**Task requirements**
Please restate word for word all lines from the one containing "启动会上,新澳门六合彩内部资" to the final line of the entries, and include no pictures.

**Extracted data**
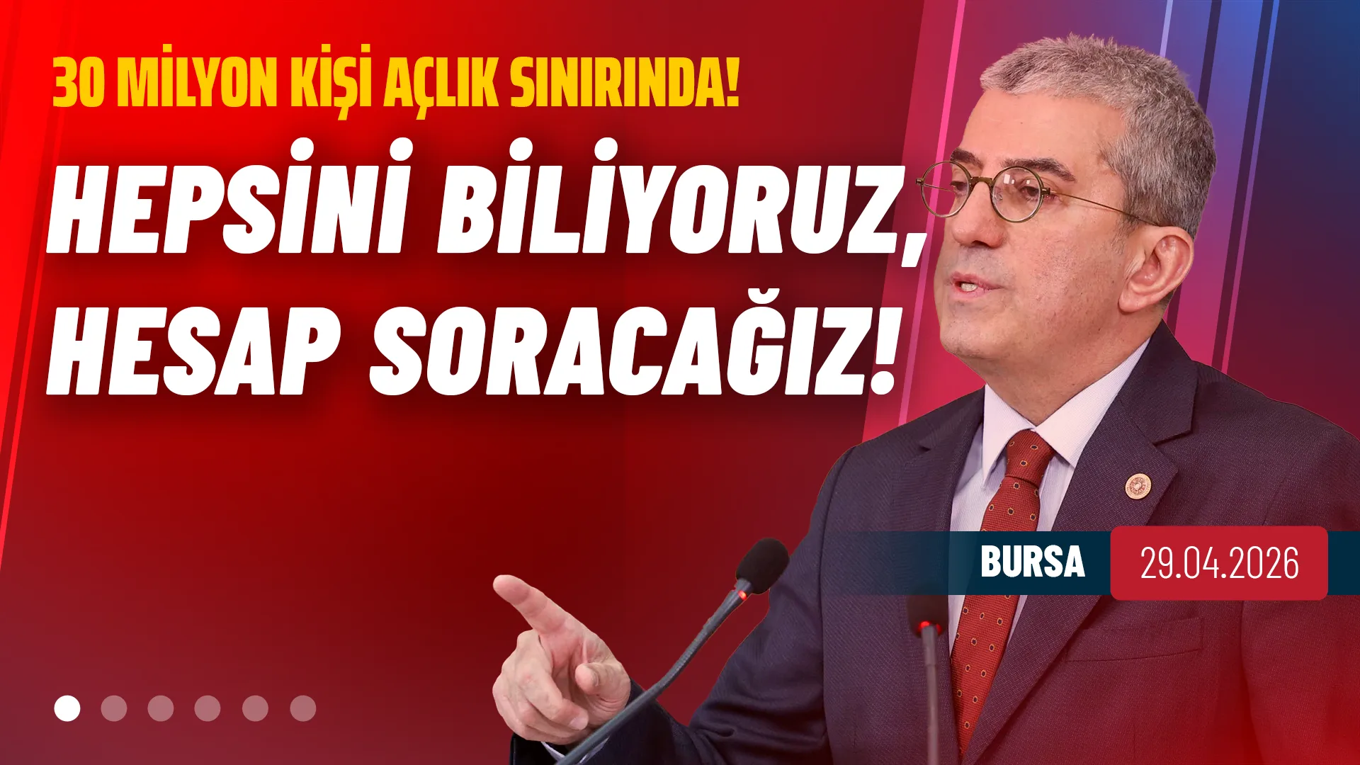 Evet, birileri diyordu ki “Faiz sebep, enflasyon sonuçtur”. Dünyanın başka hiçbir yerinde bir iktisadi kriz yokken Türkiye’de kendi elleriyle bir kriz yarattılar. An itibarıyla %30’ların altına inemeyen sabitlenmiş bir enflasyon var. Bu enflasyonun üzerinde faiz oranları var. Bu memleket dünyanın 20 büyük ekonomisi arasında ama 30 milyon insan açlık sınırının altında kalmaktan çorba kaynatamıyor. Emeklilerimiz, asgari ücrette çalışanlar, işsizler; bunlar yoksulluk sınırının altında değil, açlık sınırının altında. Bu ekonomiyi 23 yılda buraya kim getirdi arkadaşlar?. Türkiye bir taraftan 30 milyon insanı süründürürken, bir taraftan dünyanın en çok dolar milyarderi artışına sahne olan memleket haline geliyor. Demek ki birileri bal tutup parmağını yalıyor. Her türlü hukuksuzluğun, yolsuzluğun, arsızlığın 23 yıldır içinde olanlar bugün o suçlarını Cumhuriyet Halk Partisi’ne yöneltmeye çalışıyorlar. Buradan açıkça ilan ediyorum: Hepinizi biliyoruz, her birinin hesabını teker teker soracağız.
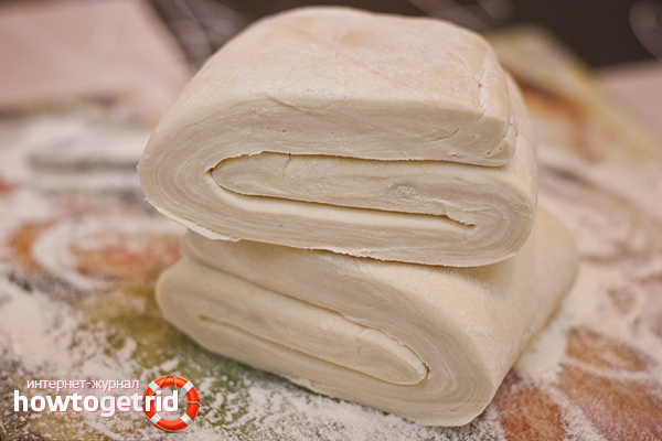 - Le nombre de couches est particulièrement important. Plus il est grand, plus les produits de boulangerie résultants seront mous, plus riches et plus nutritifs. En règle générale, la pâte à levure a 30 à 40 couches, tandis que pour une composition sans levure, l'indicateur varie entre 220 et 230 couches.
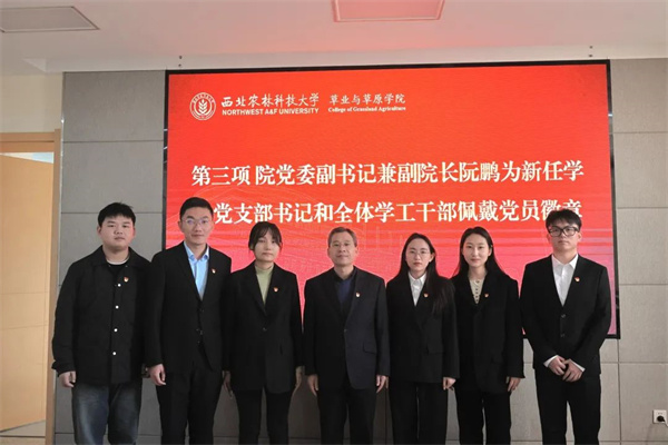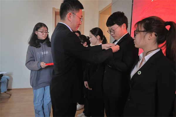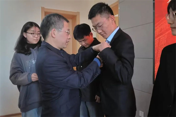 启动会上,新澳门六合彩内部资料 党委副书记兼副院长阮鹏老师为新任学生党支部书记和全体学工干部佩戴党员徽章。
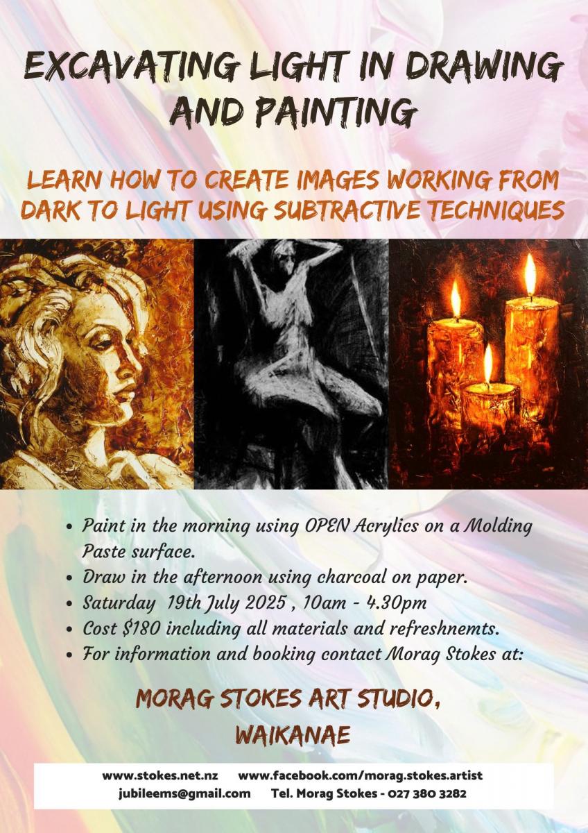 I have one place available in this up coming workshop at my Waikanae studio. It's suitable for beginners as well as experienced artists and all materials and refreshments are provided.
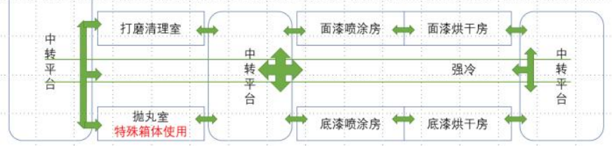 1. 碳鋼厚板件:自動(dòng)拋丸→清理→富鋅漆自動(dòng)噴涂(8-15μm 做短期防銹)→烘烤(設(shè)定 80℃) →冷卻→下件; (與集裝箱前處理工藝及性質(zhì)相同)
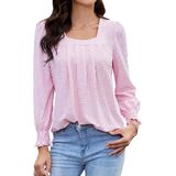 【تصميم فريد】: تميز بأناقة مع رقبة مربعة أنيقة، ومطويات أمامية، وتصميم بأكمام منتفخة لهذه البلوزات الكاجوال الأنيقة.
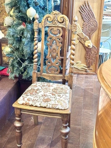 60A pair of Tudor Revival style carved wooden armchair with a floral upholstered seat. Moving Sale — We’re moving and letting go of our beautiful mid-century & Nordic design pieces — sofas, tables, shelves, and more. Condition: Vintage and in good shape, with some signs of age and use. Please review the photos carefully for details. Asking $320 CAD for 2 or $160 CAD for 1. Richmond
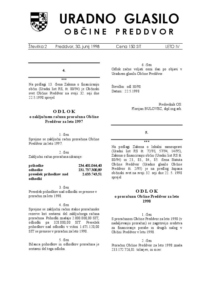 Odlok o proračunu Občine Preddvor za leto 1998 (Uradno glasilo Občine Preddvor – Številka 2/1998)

**Exercise response**
 启动会上,新澳门六合彩内部资料 党委副书记兼副院长阮鹏老师为新任学生党支部书记和全体学工干部佩戴党员徽章。
 I have one place available in this up coming workshop at my Waikanae studio. It's suitable for beginners as well as experienced artists and all materials and refreshments are provided.
 1. 碳鋼厚板件:自動(dòng)拋丸→清理→富鋅漆自動(dòng)噴涂(8-15μm 做短期防銹)→烘烤(設(shè)定 80℃) →冷卻→下件; (與集裝箱前處理工藝及性質(zhì)相同)
 【تصميم فريد】: تميز بأناقة مع رقبة مربعة أنيقة، ومطويات أمامية، وتصميم بأكمام منتفخة لهذه البلوزات الكاجوال الأنيقة.
 60A pair of Tudor Revival style carved wooden armchair with a floral upholstered seat. Moving Sale — We’re moving and letting go of our beautiful mid-century & Nordic design pieces — sofas, tables, shelves, and more. Condition: Vintage and in good shape, with some signs of age and use. Please review the photos carefully for details. Asking $320 CAD for 2 or $160 CAD for 1. Richmond
 Odlok o proračunu Občine Preddvor za leto 1998 (Uradno glasilo Občine Preddvor – Številka 2/1998)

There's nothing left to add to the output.